[[ DATASET CONTENT, beginning ]]

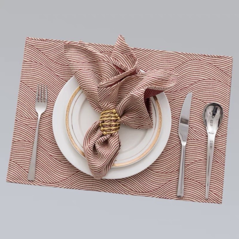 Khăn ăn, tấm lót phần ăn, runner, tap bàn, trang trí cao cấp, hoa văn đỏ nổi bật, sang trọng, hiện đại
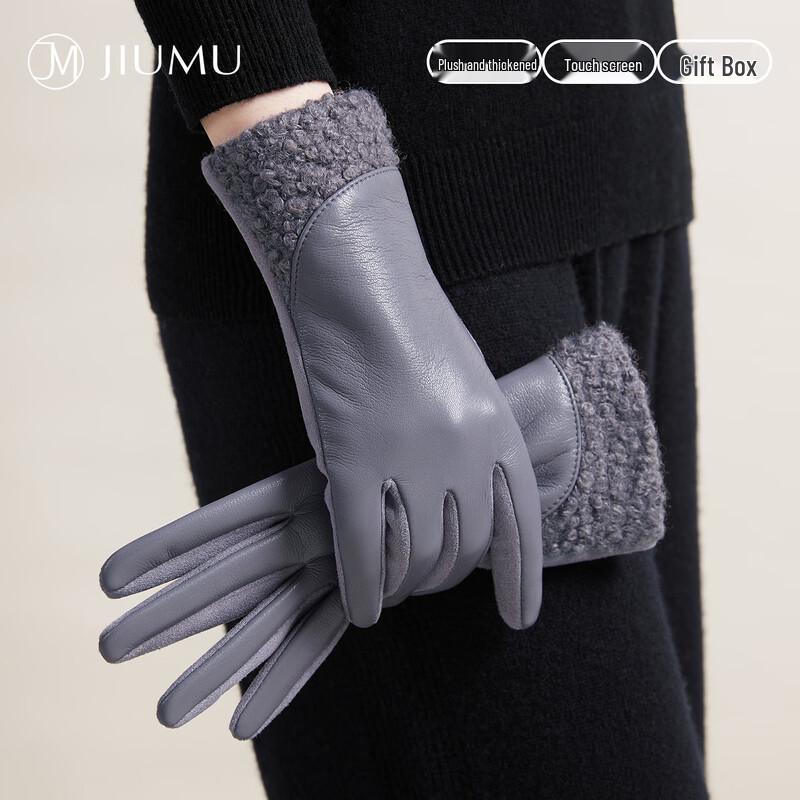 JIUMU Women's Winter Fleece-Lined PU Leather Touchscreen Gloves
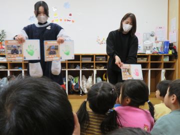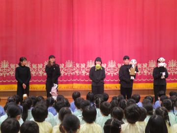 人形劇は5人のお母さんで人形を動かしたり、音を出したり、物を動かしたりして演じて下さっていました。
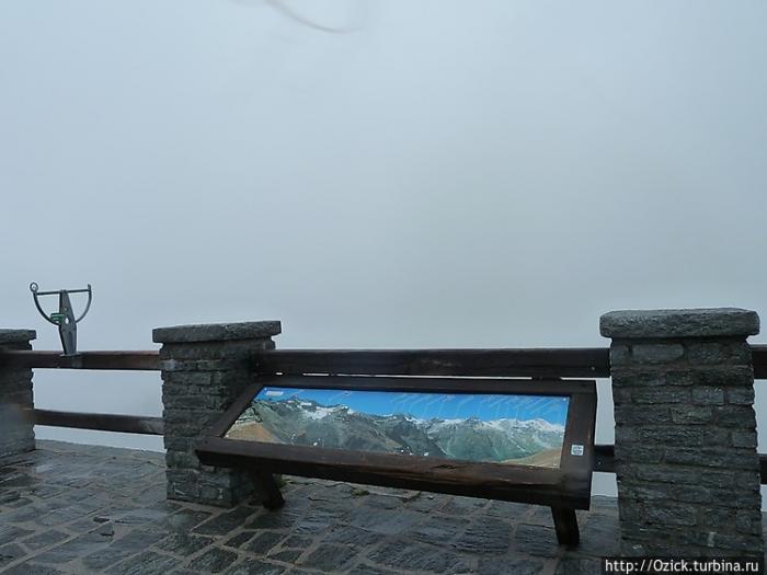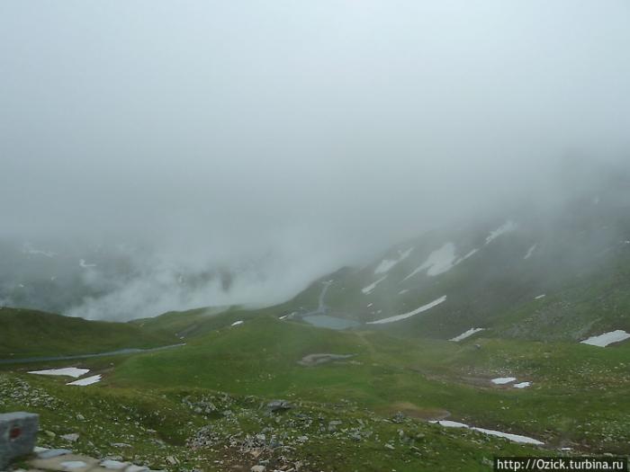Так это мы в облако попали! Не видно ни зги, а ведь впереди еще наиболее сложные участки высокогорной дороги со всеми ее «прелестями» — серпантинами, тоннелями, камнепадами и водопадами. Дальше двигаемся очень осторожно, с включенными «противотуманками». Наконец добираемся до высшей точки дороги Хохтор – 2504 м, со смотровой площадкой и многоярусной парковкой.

[[ DATASET CONTENT, end ]]

WHAT IS EXPECTED =>
What you return must match the lines from the top of the data through the line with "人形劇は5人のお母さんで人形" exactly, with the pictures removed.

RESULT OF THIS TASK =>
 Khăn ăn, tấm lót phần ăn, runner, tap bàn, trang trí cao cấp, hoa văn đỏ nổi bật, sang trọng, hiện đại
 JIUMU Women's Winter Fleece-Lined PU Leather Touchscreen Gloves
 人形劇は5人のお母さんで人形を動かしたり、音を出したり、物を動かしたりして演じて下さっていました。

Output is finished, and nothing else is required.